— DATASET CONTENT —
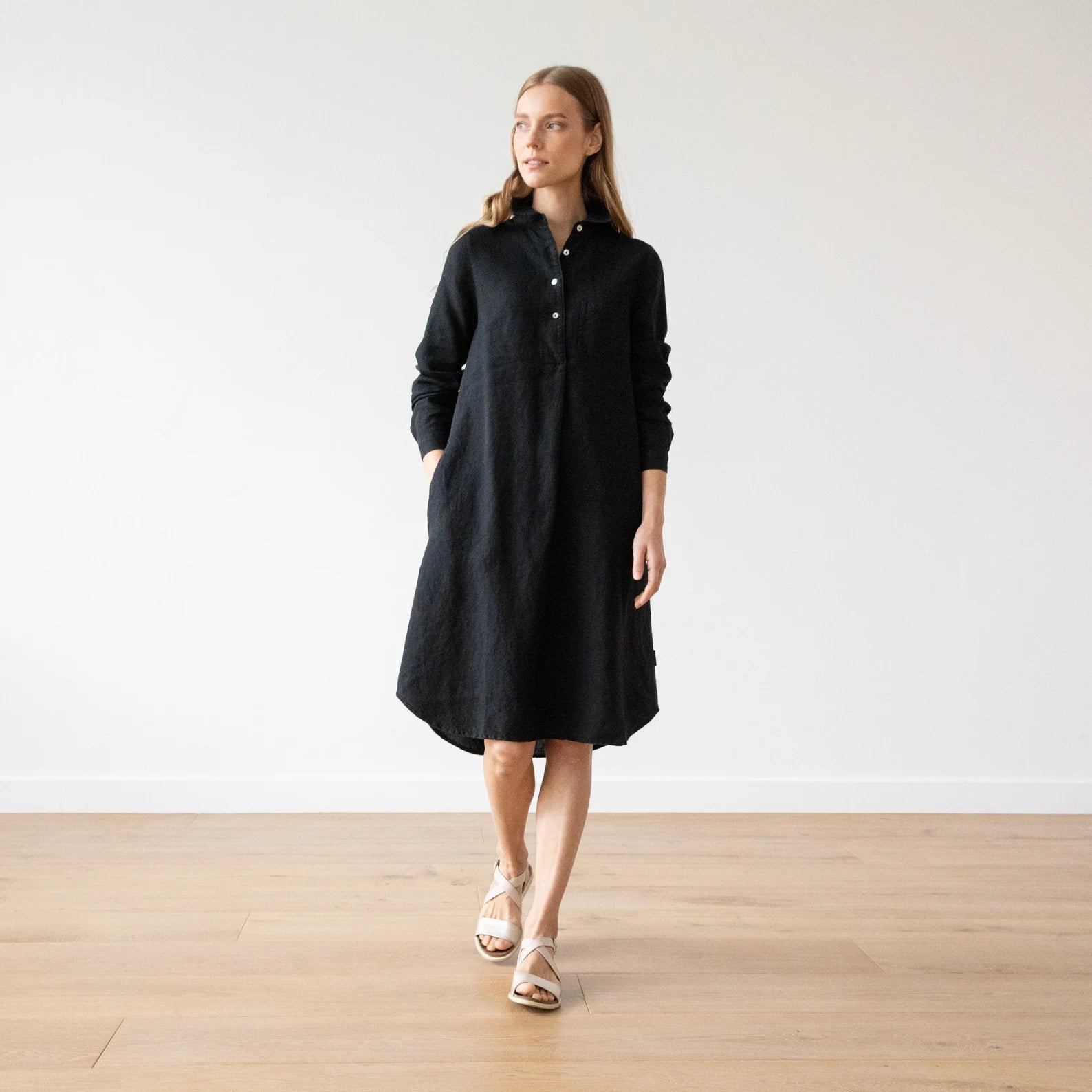 With a fluid, drapey silhouette and long sleeves, our Camilla linendress is versatile, comfortable and effortlessly stylish. Thanks to the understated gathered detailing to the cuffs and back, delicate buttons and two handy pockets, this linen dress works as beautifully on a summer picnic as in the office.
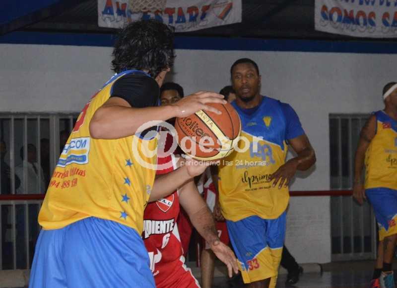 Al culminar el primer tiempo, ya ganaba el equipo rojo de Calle Sánchez, por un doble de diferencia, 36-34.
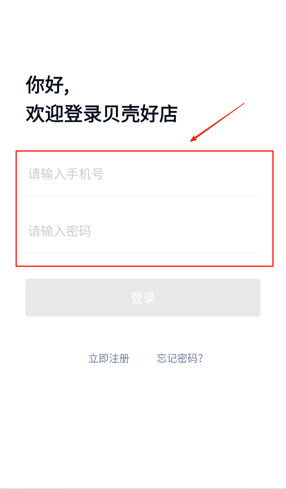3、登录页两个框分别输号码和密码,确认无误点灰色登录按钮,忘记密码看蓝色字找入口啦。

— EXERCISE —
The result is an exact copy of the lines from the one holding "Al culminar el" through the final line of the data above, both ends included, minus the pictures.

— TASK ANSWER —
 Al culminar el primer tiempo, ya ganaba el equipo rojo de Calle Sánchez, por un doble de diferencia, 36-34.
3、登录页两个框分别输号码和密码,确认无误点灰色登录按钮,忘记密码看蓝色字找入口啦。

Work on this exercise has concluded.